(536f) Mechanical Behavior and Properties of Graphene Nanomeshes

Hu, L., University of Massachusetts Amherst
Chen, M., University of Massachusetts, Amherst
Ramasubramaniam, A., University of Massachusetts Amherst
Maroudas, D., University of Massachusetts Amherst

Graphene nanomeshes (GNMs) are graphene-based metamaterials consisting of a periodic arrangement of nano-scale holes or pores in the graphene lattice with neck widths less than 10 nm, mimicking dense arrays of ordered nanoribbons.  Optimal design of GNMs toward enabling a broad range of technological applications requires the establishment of rigorous structure-property-function relationships in such engineered graphene nanostructures.

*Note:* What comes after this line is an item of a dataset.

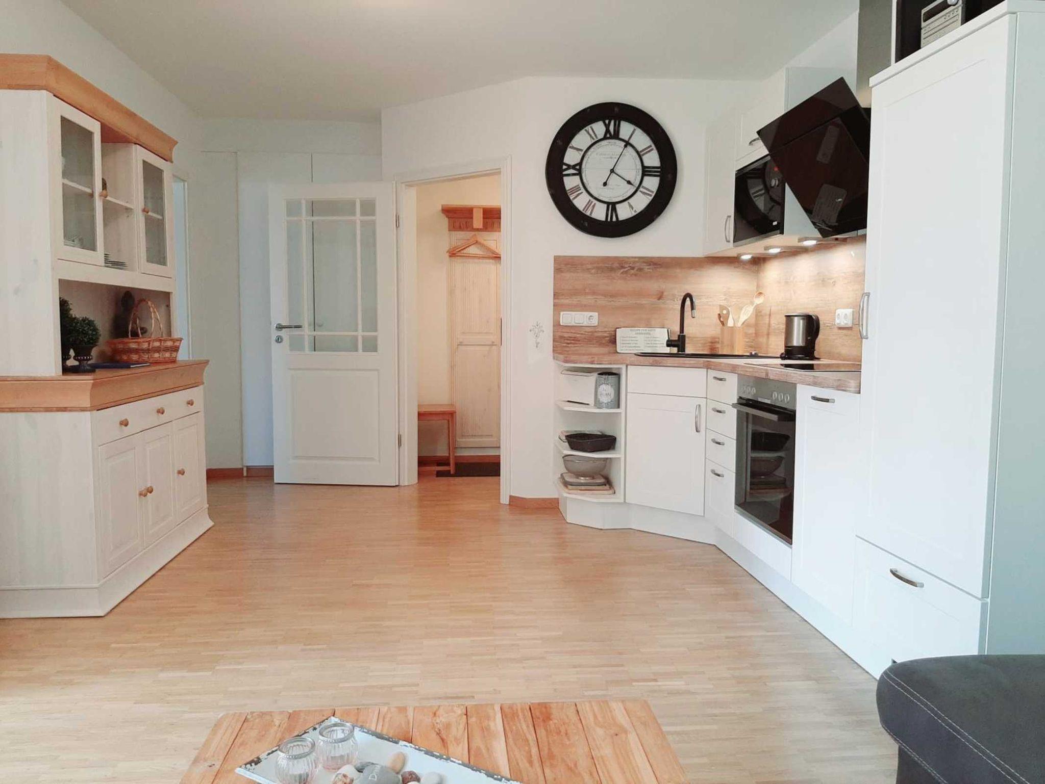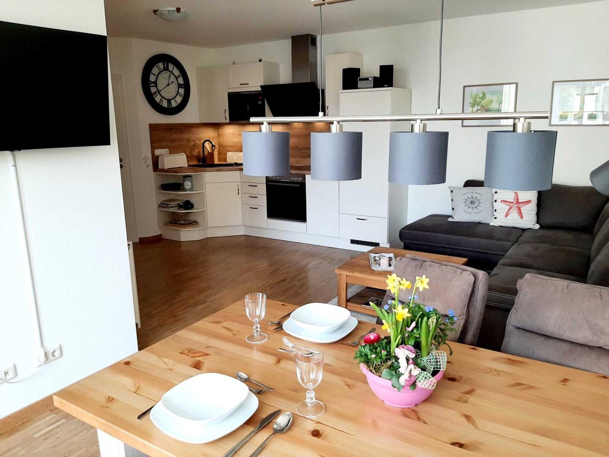 Die hell-maritim eingerichtete 48 m² große Nichtraucher-Wohnung befindet sich im 1. OG und verfügt über kostenfreies WLAN und kostenloses sky-Fernsehen.

In this presentation, we report the results of a systematic computational study on the mechanical behavior and mechanical properties of GNMs based on molecular-statics and molecular-dynamics simulations of uniaxial tensile deformation tests using a reliable bond-order interatomic interaction potential.  Both the mechanical properties and the dynamical response to mechanical loading are determined as a function of the nanomesh architecture, namely, the lattice arrangement of the pores, as well as of the pore morphology, pore size, material density, and pore edge passivation.  To examine effects of pore morphology, we have studied both circular and elliptical pores, varying the ratio of the lengths of the major and minor axes in the elliptical pore shapes.  To examine effects of pore edge passivation, we have studied GNMs with both unpassivated and hydrogen-terminated pore edges.  For the numerous GNM structures examined, elastic moduli are computed and stress-strain curves are generated, which are used to determine the ultimate tensile strength, fracture strain, and toughness as a function of the GNM architectural, morphological, and physicochemical parameters listed above.  The structural responses of the GNMs during their deformation and fracture in the simulated mechanical deformation tests are analyzed in detail and the underlying mechanisms are characterized systematically.  We find that the GNM mechanical behavior undergoes a transition as the GNM density decreases, determine the critical density for the transition, and derive the dependence of this critical density on pore morphology and hydrogen pore edge termination.